Distant Day Out - Camborne Structures

It seemed like a mistake to ask to visit Camborne, admittedly. It's a suburban town that on the surface isn't all too remarkable, and I only wanted to see it from its association with the large data set from maths. In fairness it was only going to be a brief stopover, and then we'd make our way towards Portishead, so I got to see the high street. It's like every other high street, except the Costa's in a more interesting building than they usually are, so I won't waste my time talking about it.

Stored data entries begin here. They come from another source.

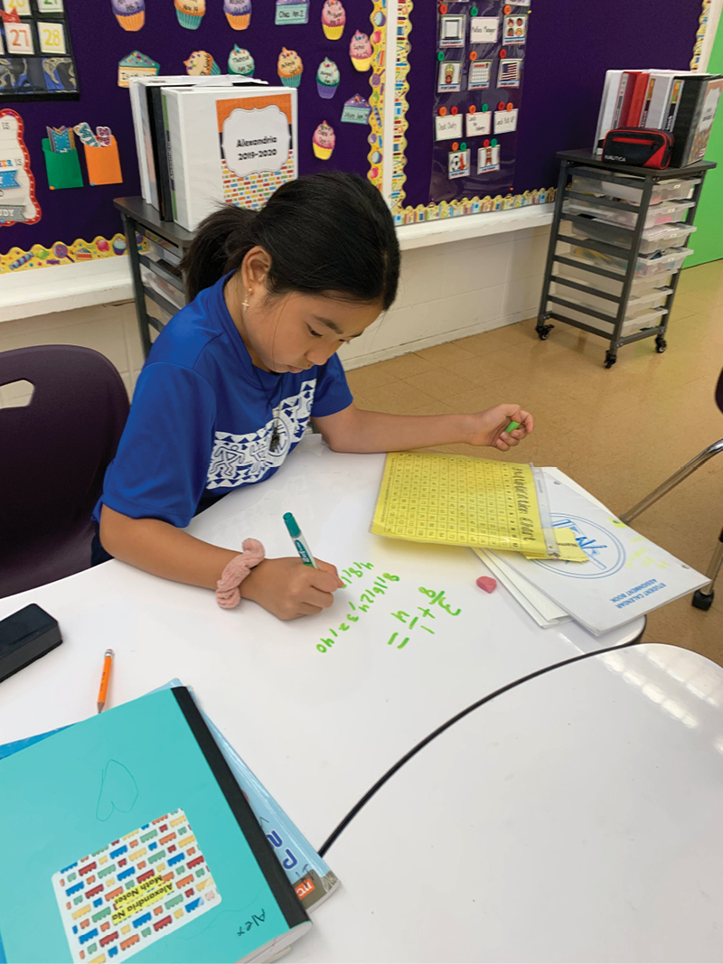 Yes, please write on the desk. A student at Our Lady of Good Counsel School in Pearl City figures out a math problem on her 21st century desk. (Photo courtesy Augustine Educational Foundation)
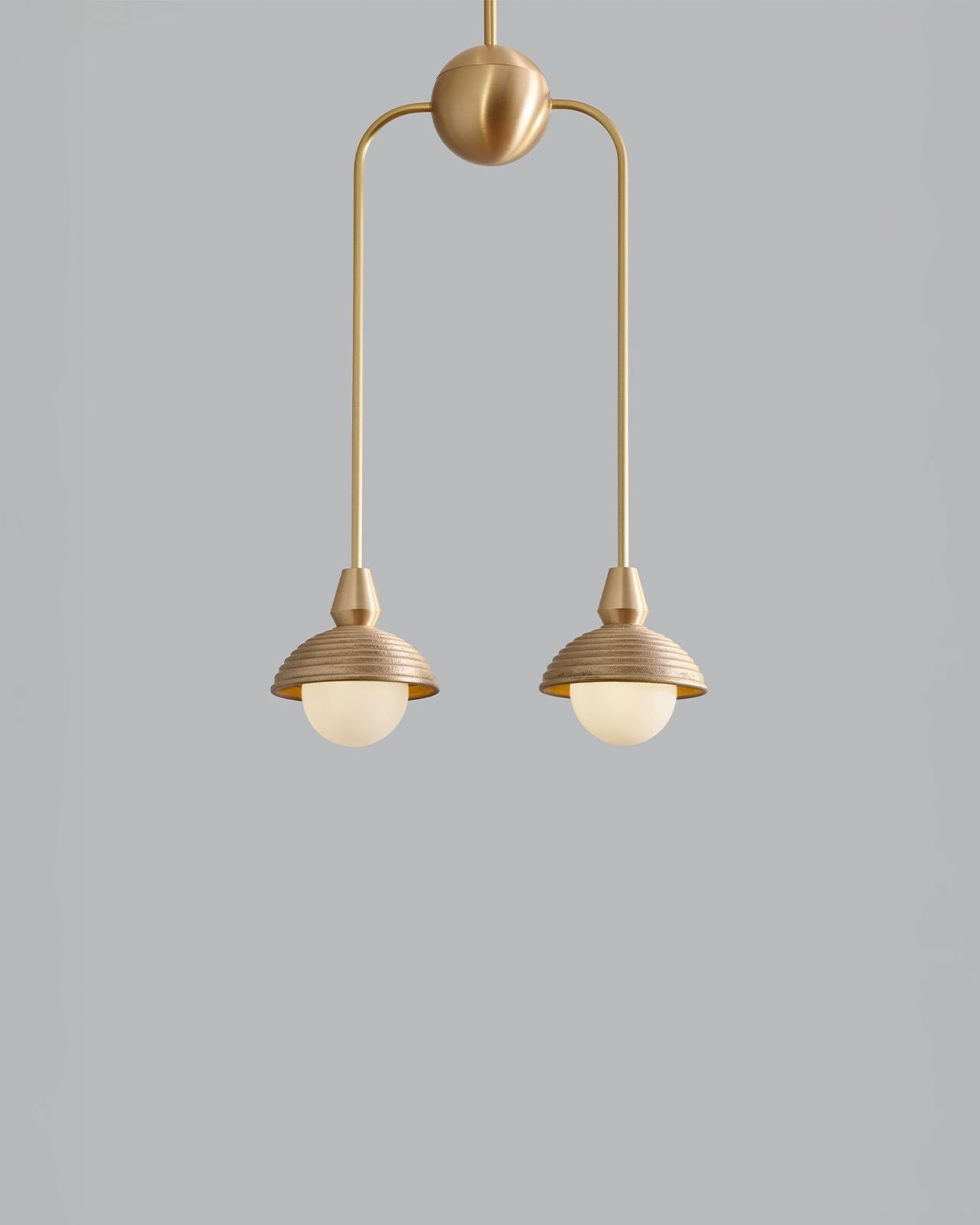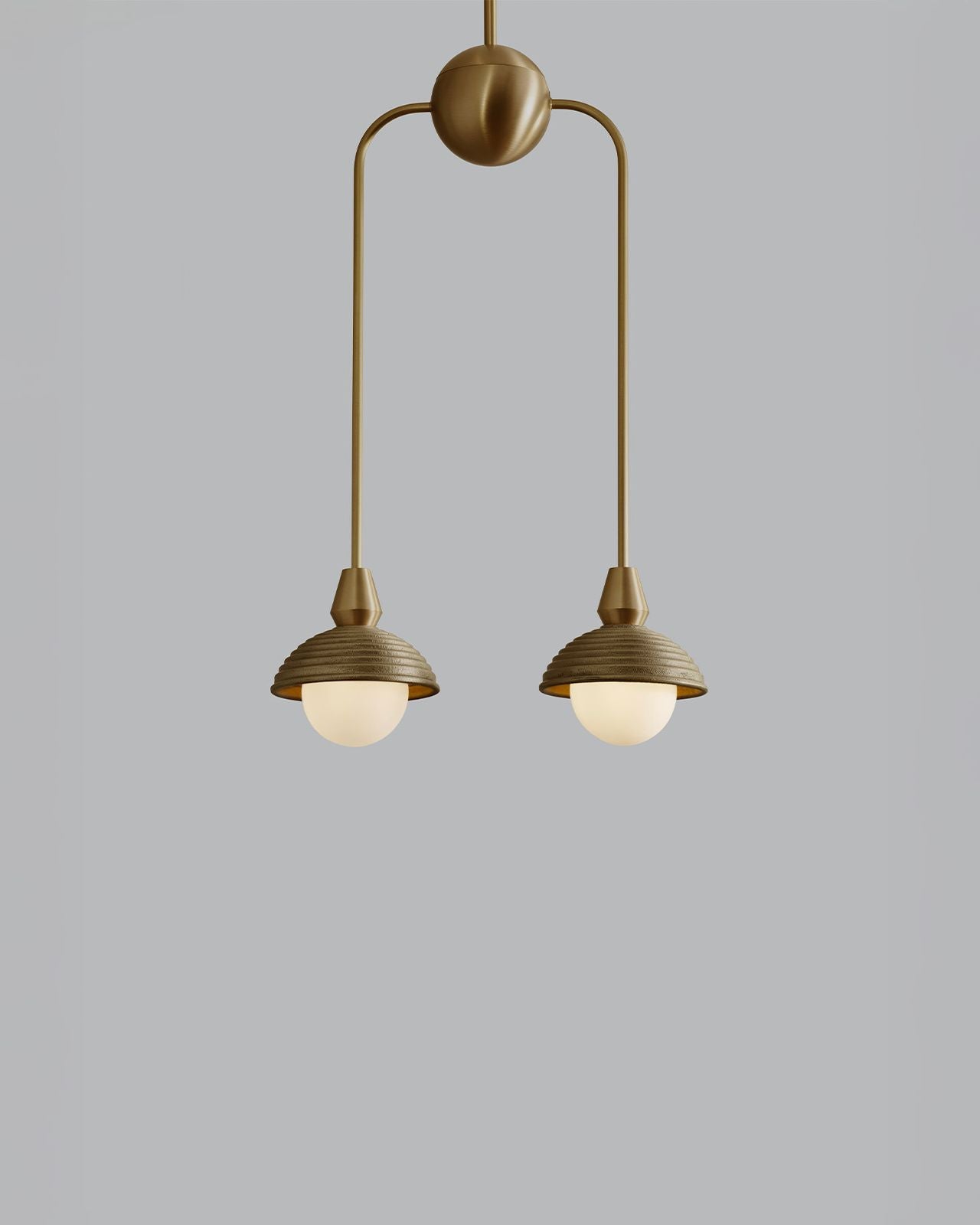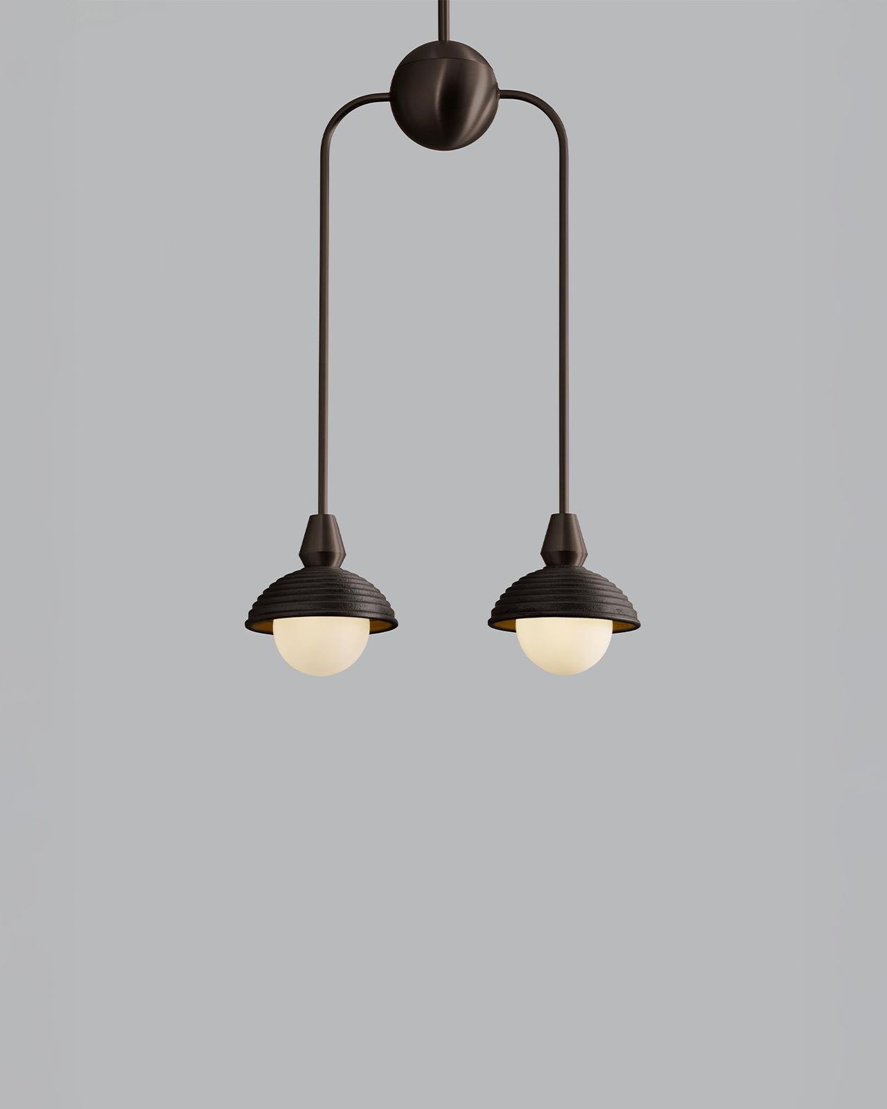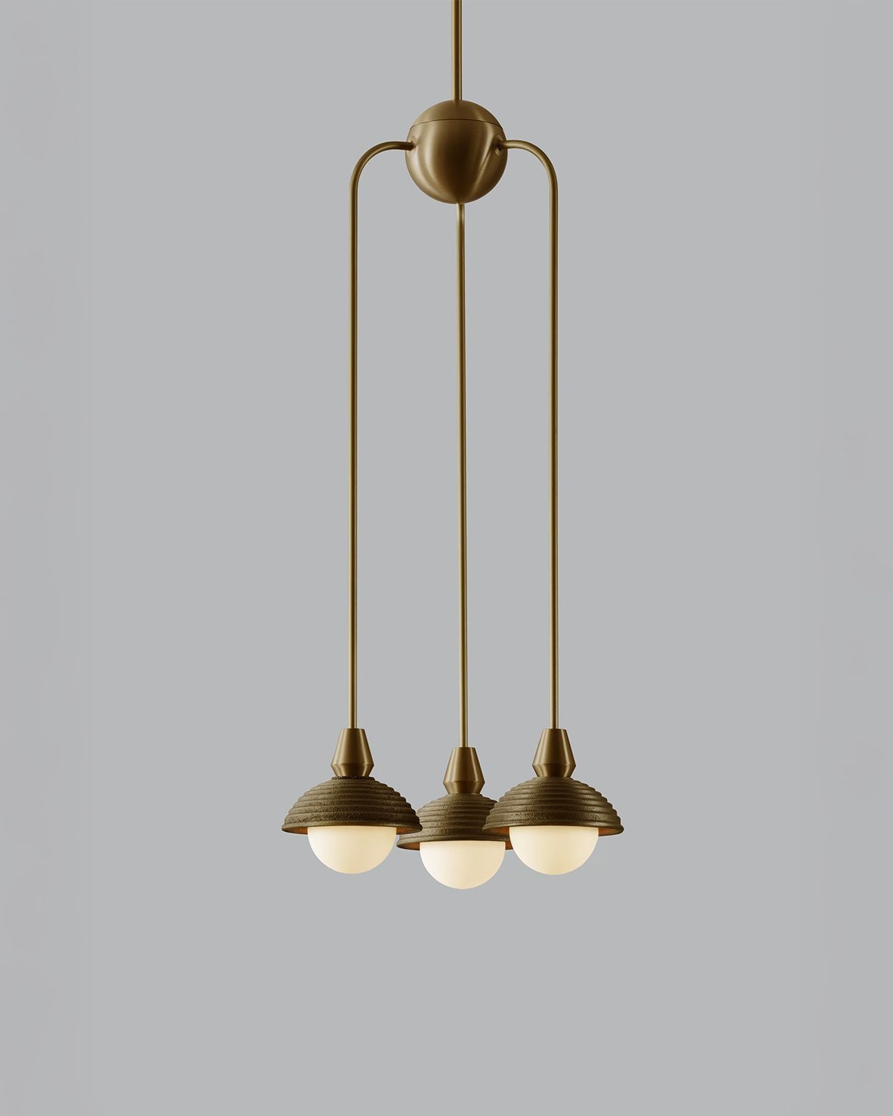 Hand-crafted in England, this pendant combines traditional sand-casting techniques with finely executed CNC-machined brass components. The softly textured cast metal shades contrast elegantly with crisp metallic detailing, while opal glass diffusers provide a warm, evenly dispersed light. Available in a selection of rich metal finishes, the pendant brings a timeless yet modern character to interiors, whether used as a singular statement or repeated rhythmically through a space. This fitting is ideal for mid-century modern and modern classic interiors.
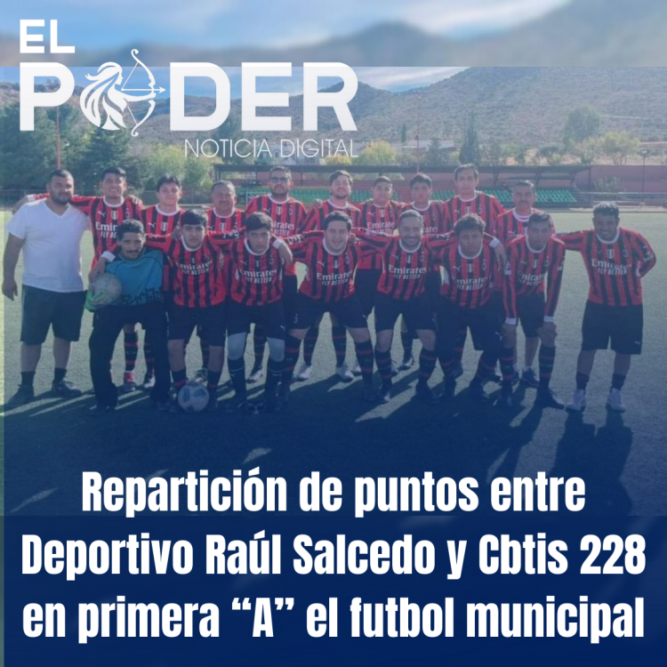 Los equipos Deportivo Raúl Salcedo y Cbtis 228, se repartieron los puntos de la acción de una fecha más del actual torneo 2024-2025 de la Liga Municipal de Futbol, luego de empatar 1-1 en la categoría de primera fuerza “A” y que se llevó a cabo en el estadio olímpico.
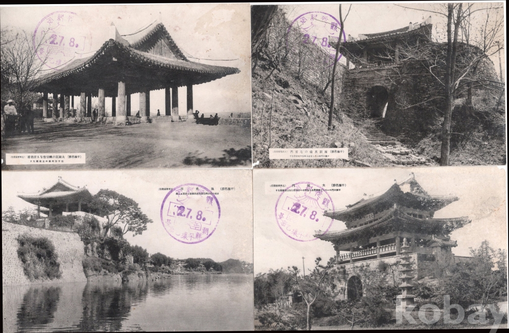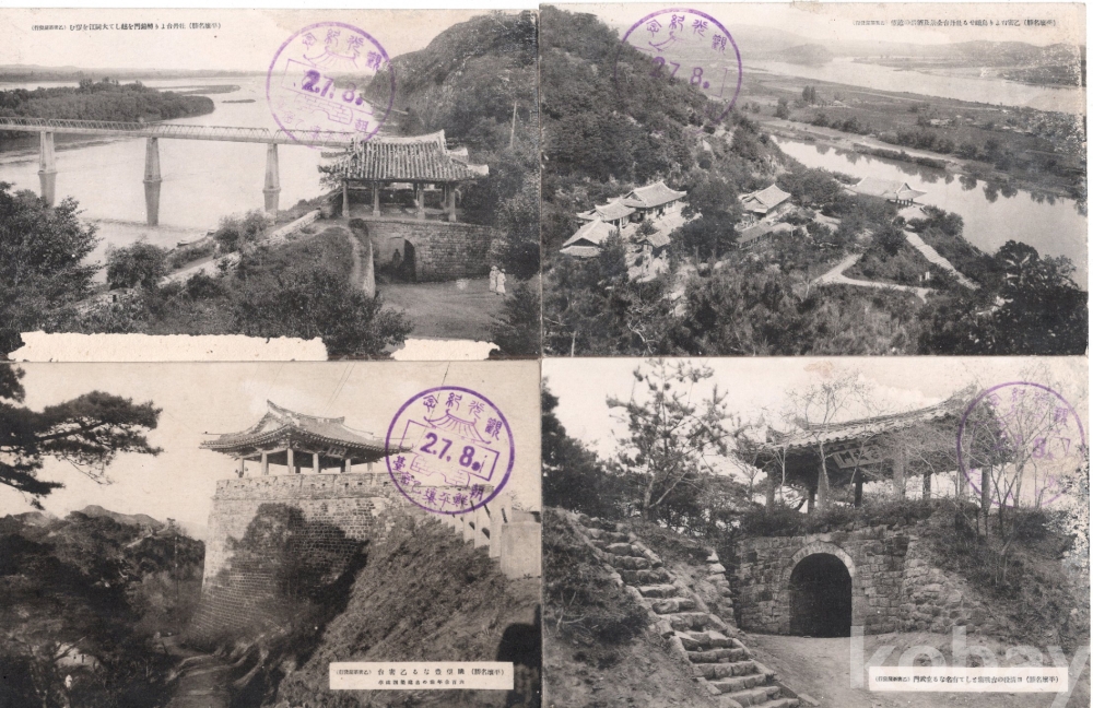 대동강 대동강변기암 을밀대 을밀대전경 현무문 칠성문 정자 대동문등 사진엽서8매와 피봉 1점입니다.

There is a notable aspect about Camborne, and it happens to be about something I often mention anyways - the railways. Local comedian Jethro joked about how trains wouldn't stop at Camborne on Wednesdays, indeed this is the only thing I knew about Camborne beforehand. Ironically though Camborne was where a steam locomotive was built by Richard Trevithick. He called it the Puffin' Devil and moved six people on Christmas Eve in 1801 up a hill in Camborne -  the first such successful journey. It may have broken down a few days later, but nonetheless a folk song, Camborne Hill, wrote it into history.

Camborne was also the site of tin and copper mining, with countless mines scattered across the area and adjacent towns like Redruth. Boiler works and foundries, amongst other industries, sprouted in the 19th century, but changes in price meant the mines slowly began to close down - what once saw thousands of tonnes of tin and copper was gone completely by 1999.

One such region was the copper-rich Great Flat Lode, which saw its mines close completely by 1920. The mines here produced 90,000 tons of tin, and one such example is South Wheal Frances, of which this stone structure is the Marriot's Shaft.

South Wheal Frances South Wheal Frances

They mined here since 1720 at least, initially for tin but transitioning to copper once they found the Lode in 1886. It eventually merged with nearby mines to form Basset Mines, which itself closed by 1918. Now it's a tourist attraction which you can walk around, completely oblivious that this was a former industrial centre. There's more of South Wheal Frances nearby, but owing to time constraints, we moved on to further structures.

You may wonder who Basset was; that's a family - Francis Basset was a politician who helped defend Cornwall from French and Spanish fleets. He has a monument named for him, a tower overlooking Redruth, a fair distance from the Basset mines; his daughter, Frances Basset, is the namesake for South Wheal.

Basset Monument

There's also a granite castle near the monument - Carn Brea Castle, which was built in 1379. In 1790 the Basset family controlled it, intending it to be a hunting lodge, though in later years it's been used as a beacon and more recently as a restaurant. The views surrounding it are ones to marvel, to say the least. Out in the distance, like a needle, is a transmission tower, whilst Redruth and nearby areas come off as a cluster of houses. Yet there wasn't all that much time, as we had other places to visit. 

Carn Brea Castle

 Carwynnen Quoit

There is another structure worth noting, that being Carwynnen Quoit, which is nowhere near the mining district, it being directly south of Camborne. It's four rocks arranged as a shelter, and is about 5000 years old. It's collapsed a few times but has since been restored, as the information plaque describes with far too many verbs. It's in the middle of a field, and we had the landmark to ourselves, aside for a woman passing through with a dog. There's nothing else to add, really.

And that concludes my blogposts on Cornwall. I didn't write about everything, but considering the holiday was nearly a month ago, I think it's better I leave it in the past.